Artist. Illustrator. Carpenter.
I first came across Scott Aasman’s illustrations through the Makers and Mystics Collective. I was instantly drawn in by his intricate, richly detailed illustrations, which depict historical, mythological and contemporary narratives, religious and secular themes, in surprising and thoughtful ways.
Today, I am delighted to introduce you to Scott (assuming you are not already familiar with him or his work), and I am so grateful he agreed to be featured in this issue of Sifting, shifting, and lifting . . . a weekly column in which I ask clever, curious, compassionate people my three favourite questions. (I am thrilled to share a few of his illustrations with you as well.)
Scott Aasman is an artist, illustrator and carpenter working out of Hamilton, Ontario where he lives with his wife Michelle and their two children. Scott’s work attempts to intertwine biblical, cultural, and personal narratives, allowing viewers to re-engage with these familiar and “over-seen” stories and find a new sense of wonder and awe.
You can find him on Instagram @sanillustration
Scott, what issue is engaging your head, heart, and hands right now?

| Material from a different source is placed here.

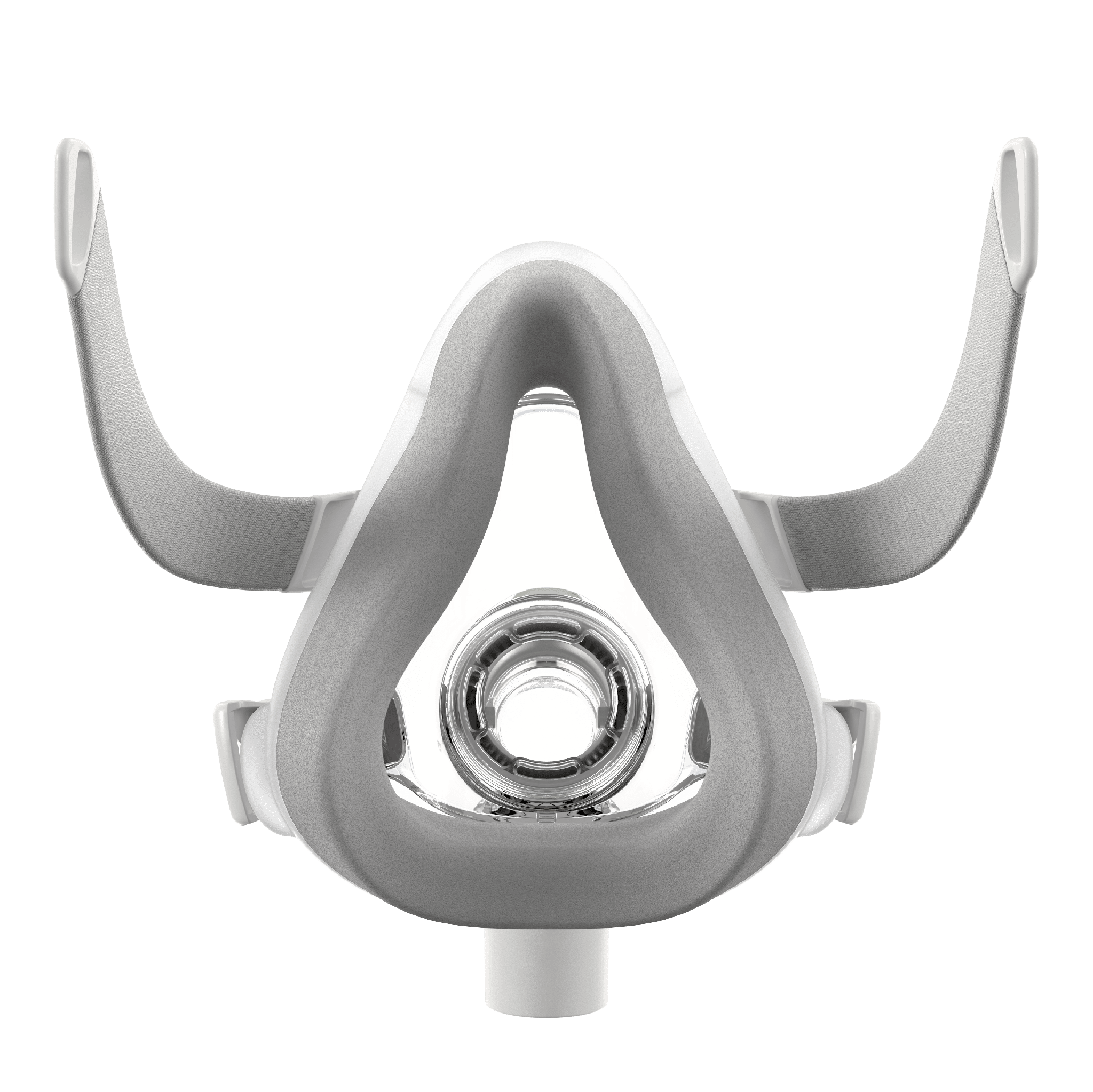 A full-face CPAP mask featuring an ultra-soft memory foam cushion for a personalized fit, reduced pressure points, and a secure, leak-resistant seal during sleep therapy.

Lately I’ve been immersed in the idea of story, from science fiction to fairy stories, to cultural and religious myths and legends to personal narratives, I’m realizing more and more how these shape the individual and the art of telling them (and telling them well!) have a profound impact on both the teller and the listener.
Stories open up time and space and create a tie between the teller and the listener. It's a vulnerable space, and the ability to listen well requires an opening up and humbling of oneself just like the telling. I’ve read somewhere that “good books read us” and I think it is the same with good stories—the questions I’m wrestling with are am I willing to sit and listen and what truth do the stories have to tell, and sometimes more uncomfortably, what truth do they have to tell about me, and how do I respond?
For me it's been an important time to listen to the stories of those who don’t get the same platform as I do, to learn from their experience but also see that at the core their similarities and desires are very similar to mine. Where so much causes fractions in our culture, storytelling and “storylistening” are a way in which we can be united.
What artist or work of art has had a profound impact on the way you see the world and your place in it?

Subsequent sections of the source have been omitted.